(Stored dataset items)
══════════
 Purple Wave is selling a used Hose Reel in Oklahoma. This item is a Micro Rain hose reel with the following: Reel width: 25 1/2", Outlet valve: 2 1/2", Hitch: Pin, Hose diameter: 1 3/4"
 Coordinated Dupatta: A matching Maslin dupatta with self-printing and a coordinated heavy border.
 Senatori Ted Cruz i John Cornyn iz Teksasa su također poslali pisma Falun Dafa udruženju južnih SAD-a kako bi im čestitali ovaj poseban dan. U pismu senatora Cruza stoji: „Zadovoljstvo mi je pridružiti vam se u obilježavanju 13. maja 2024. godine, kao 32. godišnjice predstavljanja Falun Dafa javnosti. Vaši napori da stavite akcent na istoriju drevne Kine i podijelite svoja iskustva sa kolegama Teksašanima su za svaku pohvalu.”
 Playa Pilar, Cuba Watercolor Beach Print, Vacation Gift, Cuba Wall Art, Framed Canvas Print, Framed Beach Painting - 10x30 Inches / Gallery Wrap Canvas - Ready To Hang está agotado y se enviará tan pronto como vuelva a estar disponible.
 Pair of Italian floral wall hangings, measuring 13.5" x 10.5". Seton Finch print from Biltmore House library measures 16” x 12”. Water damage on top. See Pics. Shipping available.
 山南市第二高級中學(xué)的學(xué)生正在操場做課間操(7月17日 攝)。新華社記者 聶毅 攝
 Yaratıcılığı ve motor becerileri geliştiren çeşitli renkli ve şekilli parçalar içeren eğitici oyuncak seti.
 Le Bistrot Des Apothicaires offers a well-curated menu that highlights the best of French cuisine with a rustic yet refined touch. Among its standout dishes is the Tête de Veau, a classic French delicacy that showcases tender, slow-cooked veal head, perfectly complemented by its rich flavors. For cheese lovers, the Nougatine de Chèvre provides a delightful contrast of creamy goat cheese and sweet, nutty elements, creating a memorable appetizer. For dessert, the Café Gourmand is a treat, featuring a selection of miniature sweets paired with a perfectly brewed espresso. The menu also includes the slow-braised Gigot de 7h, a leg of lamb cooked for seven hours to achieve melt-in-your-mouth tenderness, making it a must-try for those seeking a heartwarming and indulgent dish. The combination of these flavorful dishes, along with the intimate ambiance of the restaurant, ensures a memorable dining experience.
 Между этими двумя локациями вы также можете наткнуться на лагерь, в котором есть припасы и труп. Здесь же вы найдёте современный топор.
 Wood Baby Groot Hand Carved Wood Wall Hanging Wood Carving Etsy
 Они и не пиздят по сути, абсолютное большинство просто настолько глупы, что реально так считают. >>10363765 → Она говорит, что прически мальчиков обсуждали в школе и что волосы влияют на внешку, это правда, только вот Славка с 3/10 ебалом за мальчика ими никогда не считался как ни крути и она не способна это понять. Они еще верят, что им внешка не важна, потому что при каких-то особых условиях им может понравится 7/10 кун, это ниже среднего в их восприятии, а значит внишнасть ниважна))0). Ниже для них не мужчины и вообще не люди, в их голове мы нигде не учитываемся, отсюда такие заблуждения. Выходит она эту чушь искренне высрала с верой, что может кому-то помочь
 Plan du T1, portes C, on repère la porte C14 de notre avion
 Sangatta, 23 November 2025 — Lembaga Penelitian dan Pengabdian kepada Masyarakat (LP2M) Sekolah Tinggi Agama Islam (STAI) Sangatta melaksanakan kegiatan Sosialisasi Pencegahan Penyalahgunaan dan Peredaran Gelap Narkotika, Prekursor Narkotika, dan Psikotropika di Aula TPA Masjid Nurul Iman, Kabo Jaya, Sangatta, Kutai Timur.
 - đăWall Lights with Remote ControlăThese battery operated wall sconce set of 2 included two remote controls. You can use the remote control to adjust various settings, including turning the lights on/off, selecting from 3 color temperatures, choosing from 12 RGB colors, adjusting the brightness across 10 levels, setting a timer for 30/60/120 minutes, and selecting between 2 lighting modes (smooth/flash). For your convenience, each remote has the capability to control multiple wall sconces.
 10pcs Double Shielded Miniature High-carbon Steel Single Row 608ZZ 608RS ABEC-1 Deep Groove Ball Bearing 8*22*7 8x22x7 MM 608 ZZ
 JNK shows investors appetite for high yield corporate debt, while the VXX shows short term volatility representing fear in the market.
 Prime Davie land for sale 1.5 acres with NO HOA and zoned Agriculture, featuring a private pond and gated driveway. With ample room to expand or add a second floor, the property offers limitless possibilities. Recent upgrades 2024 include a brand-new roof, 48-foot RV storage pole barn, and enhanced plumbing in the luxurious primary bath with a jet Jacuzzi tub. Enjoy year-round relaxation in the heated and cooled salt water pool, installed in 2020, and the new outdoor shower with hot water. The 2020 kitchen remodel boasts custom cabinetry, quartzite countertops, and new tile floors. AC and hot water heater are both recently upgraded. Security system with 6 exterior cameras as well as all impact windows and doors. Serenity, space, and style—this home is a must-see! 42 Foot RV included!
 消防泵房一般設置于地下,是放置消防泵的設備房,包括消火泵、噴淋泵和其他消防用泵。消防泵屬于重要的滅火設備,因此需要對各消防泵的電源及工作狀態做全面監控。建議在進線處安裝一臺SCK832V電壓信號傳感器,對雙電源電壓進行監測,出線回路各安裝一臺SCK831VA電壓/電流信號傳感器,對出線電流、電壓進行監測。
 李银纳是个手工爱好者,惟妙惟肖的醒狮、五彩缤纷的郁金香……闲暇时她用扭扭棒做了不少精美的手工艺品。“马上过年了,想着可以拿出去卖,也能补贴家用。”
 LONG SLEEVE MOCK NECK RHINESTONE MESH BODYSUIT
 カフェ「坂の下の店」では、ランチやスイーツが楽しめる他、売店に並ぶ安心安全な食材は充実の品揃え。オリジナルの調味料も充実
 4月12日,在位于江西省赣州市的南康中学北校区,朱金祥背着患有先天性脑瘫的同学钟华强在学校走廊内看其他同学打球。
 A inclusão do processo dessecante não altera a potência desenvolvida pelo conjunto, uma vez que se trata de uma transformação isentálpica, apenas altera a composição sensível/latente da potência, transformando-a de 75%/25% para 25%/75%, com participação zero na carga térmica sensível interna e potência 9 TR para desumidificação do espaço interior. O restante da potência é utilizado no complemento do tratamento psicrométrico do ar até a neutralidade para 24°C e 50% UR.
══════════
Exercise description. Above this instruction are the records; retype exactly the lines from the one containing "Между этими двумя" up to and including the one containing "Sangatta, 23 November".

Output of the task.
 Между этими двумя локациями вы также можете наткнуться на лагерь, в котором есть припасы и труп. Здесь же вы найдёте современный топор.
 Wood Baby Groot Hand Carved Wood Wall Hanging Wood Carving Etsy
 Они и не пиздят по сути, абсолютное большинство просто настолько глупы, что реально так считают. >>10363765 → Она говорит, что прически мальчиков обсуждали в школе и что волосы влияют на внешку, это правда, только вот Славка с 3/10 ебалом за мальчика ими никогда не считался как ни крути и она не способна это понять. Они еще верят, что им внешка не важна, потому что при каких-то особых условиях им может понравится 7/10 кун, это ниже среднего в их восприятии, а значит внишнасть ниважна))0). Ниже для них не мужчины и вообще не люди, в их голове мы нигде не учитываемся, отсюда такие заблуждения. Выходит она эту чушь искренне высрала с верой, что может кому-то помочь
 Plan du T1, portes C, on repère la porte C14 de notre avion
 Sangatta, 23 November 2025 — Lembaga Penelitian dan Pengabdian kepada Masyarakat (LP2M) Sekolah Tinggi Agama Islam (STAI) Sangatta melaksanakan kegiatan Sosialisasi Pencegahan Penyalahgunaan dan Peredaran Gelap Narkotika, Prekursor Narkotika, dan Psikotropika di Aula TPA Masjid Nurul Iman, Kabo Jaya, Sangatta, Kutai Timur.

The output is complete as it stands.